There's a good reason most fantasy books take so long to write, and that's why we're all here at Mythic Scribes. All that info about cities and construction can be found. Start a book, or a folder on your computer, of notes. Learn, learn, learn.

I mean, if we're playing God in inventing worlds, we need a fully stocked intelligence to use as the paints on our imagination's canvas.


----------



## Digital_Fey (Feb 24, 2012)

As Konstanz said, the main thing is atmosphere, not detail. Get a feel for the kind of environment your characters are moving through - the smells and sights and sounds and all the other cliches - but keep it brief. Think of it as a doing a rough sketch rather than an architecturally correct blueprint of every single building. If you find you need to zoom in on something, trawl the library/net for as much information you need to understand the thing you're writing about - and then distill that information by about 50% for the sake of the reader's sanity 



			
				Graham Irwin said:
			
		

> I mean, if we're playing God in inventing worlds, we need a fully stocked intelligence to use as the paints on our imagination's canvas.

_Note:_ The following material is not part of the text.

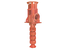 GLDC立式混流液下泵为立式单级、转子可抽式或泵整体可抽式混流泵。可以在泵壳体不拆卸的情况下,将泵的可抽部分抽出进行检修,电机与泵直联安装,泵的吸入口垂直向下,吐出口为水平方向,可在基础之上或之下,从电机向下看为顺时针方向旋转,泵的轴向力由轴承座或电机推力轴承承受。叶轮分为整体式和组合式,以适应不同的工况要求。泵的导轴承由耐磨橡胶和进口导轴承(高耐磨、高耐腐、耐海水聚胺脂)组成,能实现无润滑、无冷却水运行。泵的填料可由石棉填料或浸清填料密封。

Masterfully put. The more information one collects from different sources over time, the easier it becomes to visualize, explain and describe.


----------



## Ghost (Feb 24, 2012)

I'm another person who agrees with Konstanz's post. This thread might be of interest. I don't think it's important to know where everything is, street by street. It's more important to have an idea of the atmosphere and explore different senses.

I don't know if this would be helpful, but maybe you could check out some travel guides from the library or check travel websites. See if there are any with lots of pictures and descriptions to help you imagine different places.


----------



## Legendary Sidekick (Feb 24, 2012)

I prefer to give the reader enough description to activate his imagination.  Maybe the reader won't ever know that Bouldergut looks like this:







...but he doesn't have to. The reader just needs a strong visual of characters, scenery, action, etc.--even if it's not the same as mine.


(Actually, I would hope the reader pictures his hammer being much more impressive than the one I sketched!)


----------



## Anders Ã„mting (Feb 25, 2012)

I actually have kinda the opposite problem: I'm great at imagining places, _terrible_ at describing them.


----------



## Fnord (Feb 26, 2012)

grahamguitarman said:


> one way round this is to go to a site like deviantart, and do a search for castle or whatever.
> 
> You will get loads of pictures of castles ect, some good some awful.  But chances are you will find one that makes you think 'That's whatIi want city x to look like'.  if you are just using that pic as a visual prompt for your writing then there would be no copyright problems with this (so longs as you don't try to publish the image).
> 
> To give you an idea, here are the results of a search I just did for castle:  Browsing deviantART




This is a big way of doing it for me.  I used to spend all day browsing fantasy art, saving the pictures to my hard drive, and then going back and looking at them when I had a brain-block and needed a little juice-flowing.  Art is pretty inspiring stuff because we get an instant visual kick to the brain.  My first question to myself always is: "what story is this painting trying to tell?"


----------